The reference is to a controversial 95-year lease for Therme Canada, which plans to build a mega-spa at the former site of Ontario Place.
Algonquin College declined to comment on the potential for a strike, referring questions to the CEC.
Tracy Henderson, the president of Local 415, who represents more than 950 full- and partial-load instructors and other academic workers at Algonquin, said the local was prepared for labour action, but remained hopeful mediator William Kaplan could help the parties find a resolution.
“In the meantime, our office is extremely busy as we support members in the event that a resolution cannot be found,” said Henderson. “In short, nobody seeks to be engaged in labour action. However, the 79 per cent majority strike vote delivered sent the clear message that current conditions are not sustainable.”
Colleges have become increasingly dependent on international students in the face of declining numbers of domestic students. The financial health of the province’s colleges has been on rocky ground in the past year as post-secondary institutions faced a sharp drop in revenue from international students after the federal government announced it was setting an intake cap on international student permit applications for two years.
In August, the Ontario government announced it was suspending all new college international activities, pending a review of entrepreneurial activities.
The CEC said the $1.7 billion in losses would cover two years, 2025 to 2026, but did not release figures for individual colleges. While the data has been broken down by college, it is not readily available, the CEC said.
Alex Usher, the president of Higher Education Strategy Associates and an expert on post-secondary education, believes losses will be higher than $1.7 billion. Incoming numbers of international students will be down 60 to 70 per cent from where they were two years ago when the new rules kick in this September, he said.
“No one made their visa quotas. The feds poisoned the well. International students stopped applying.”

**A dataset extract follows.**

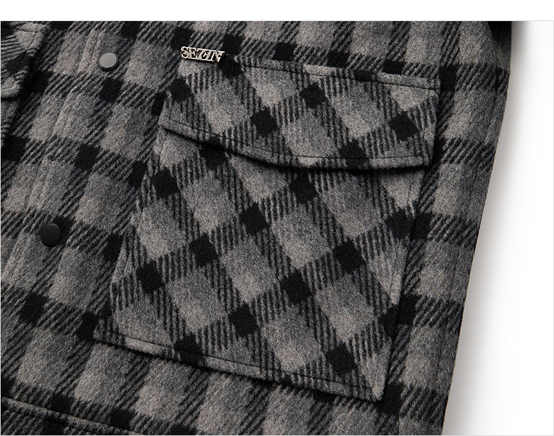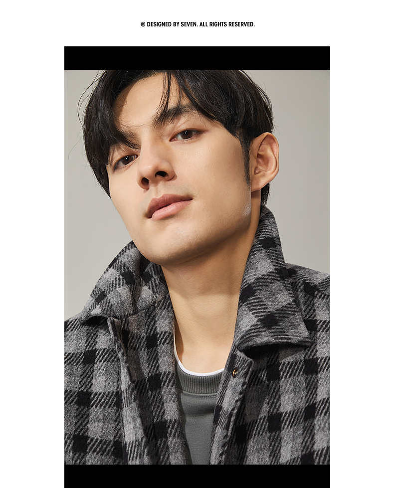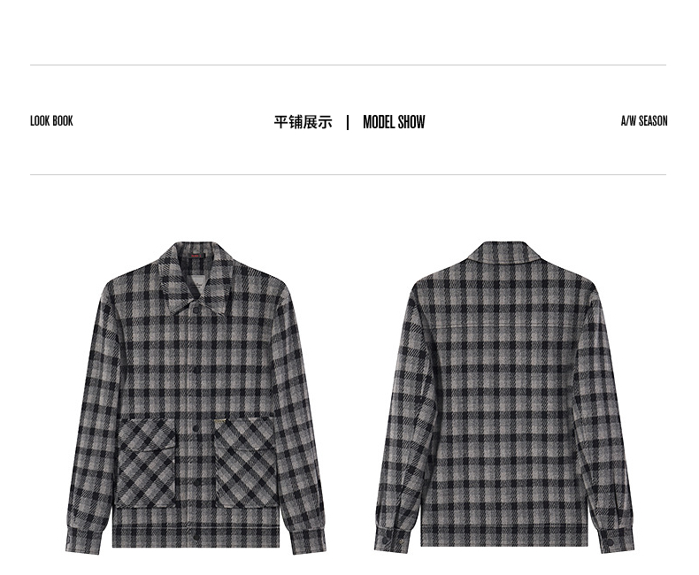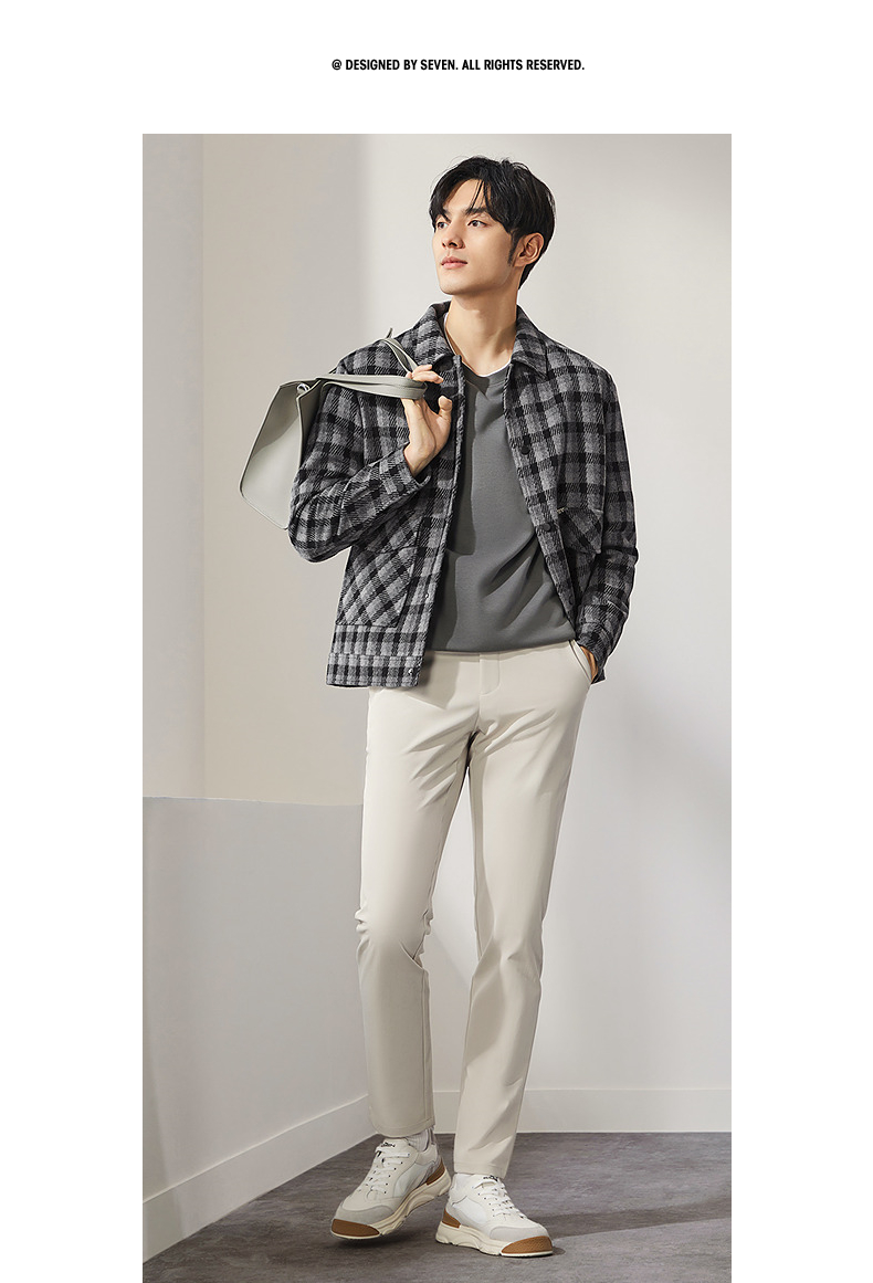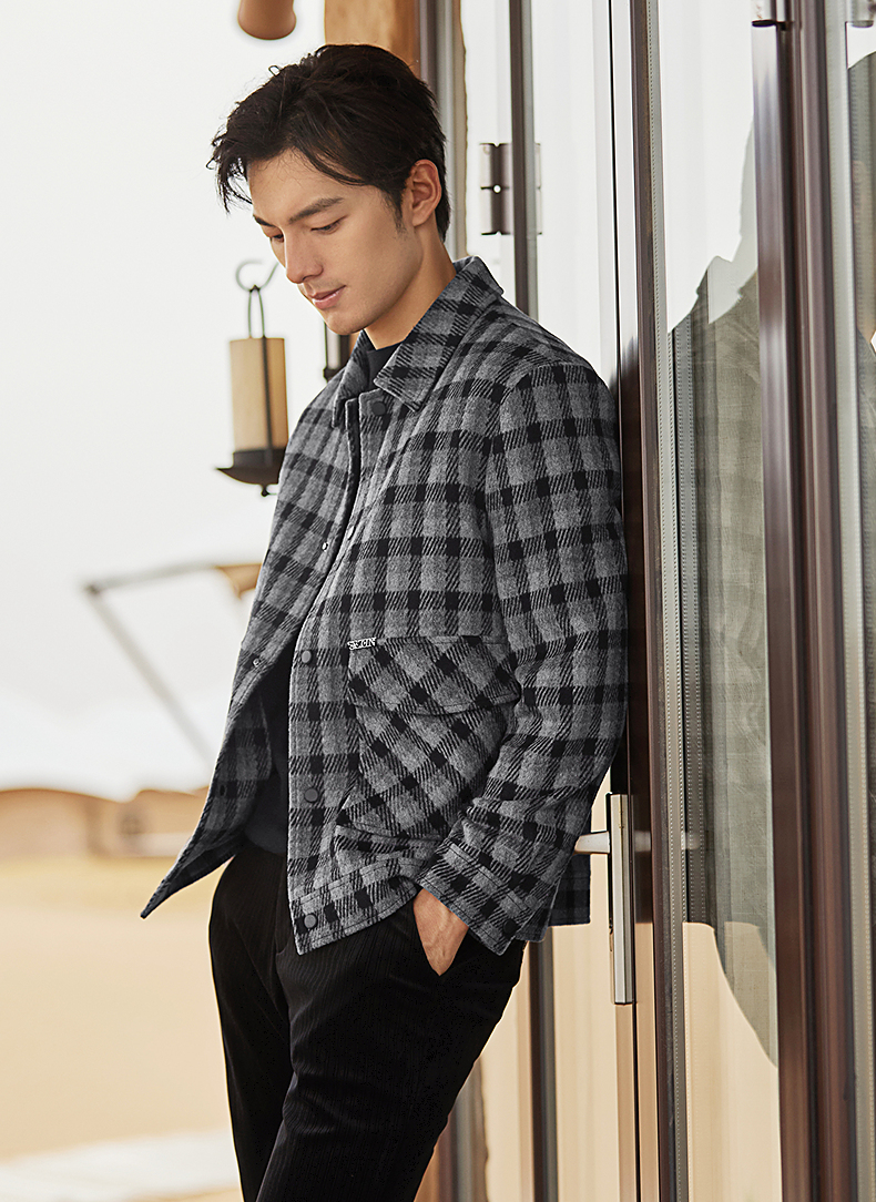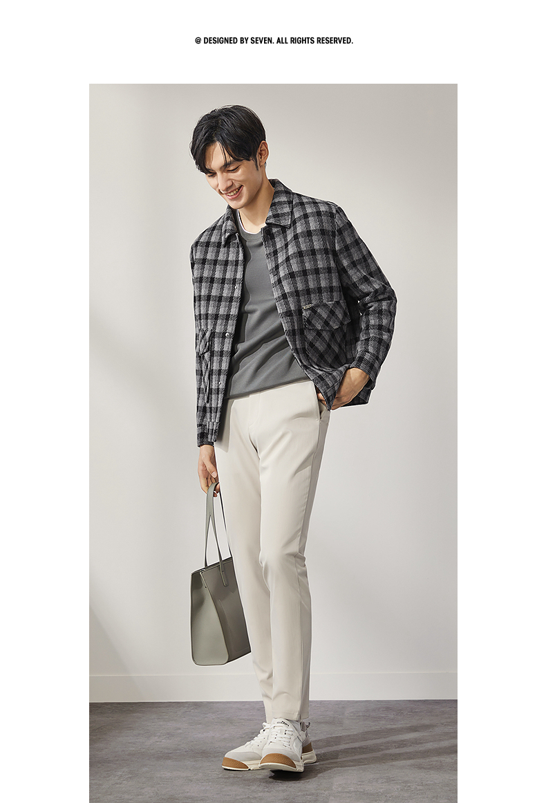 【含羊毛】柒牌毛呢夹克翻领男2024秋冬新款格纹提花休闲工装外套 127D70290

But dependence on international students varies by institution. Some colleges have developed partnerships with 3P colleges to instruct international students and have indeed collected surpluses or have used the money for new buildings, Usher said.
“If you look at where colleges chose to spend their extra money, it was almost all in buildings,” he said.
“I can see where they (union members) might feel hard done by. And they’re going to be asked to pay for challenges down the road. That would tick me off. But what’s done is done.”
Some Ontario colleges have already announced belt-tightening measures, and there is more to come, Usher predicts.
In November, Sheridan College, which has three Toronto-area campuses, announced it was suspending 40 programs and conducting a comprehensive review of another 27 programs, citing a drop of 30 per cent of students in the coming years.
Fleming College in Peterborough cut 29 programs starting last September. Mohawk College in Hamilton cut its administrative workforce by approximately 20 per cent, or 65 positions.
Algonquin is not high on the list of troubled community colleges, Usher said. However, there will be program cuts at every college in the province and job losses — and not just because of program closures, he said.
“There is zero chance that any college will not make cuts. Every college will close programs,” Usher said. “There will be a re-think of lots of parts of the college mission. It is going to be painful. It’s going to be a much different college system when they’re done with it. In the next month or so, we’ll see how they deal with it.”
A five-week faculty strike in the fall of 2017 affected about 500,000 Ontario college students. The Liberal provincial government of the day legislated faculty back to work and later said students who withdrew could apply for full tuition refunds.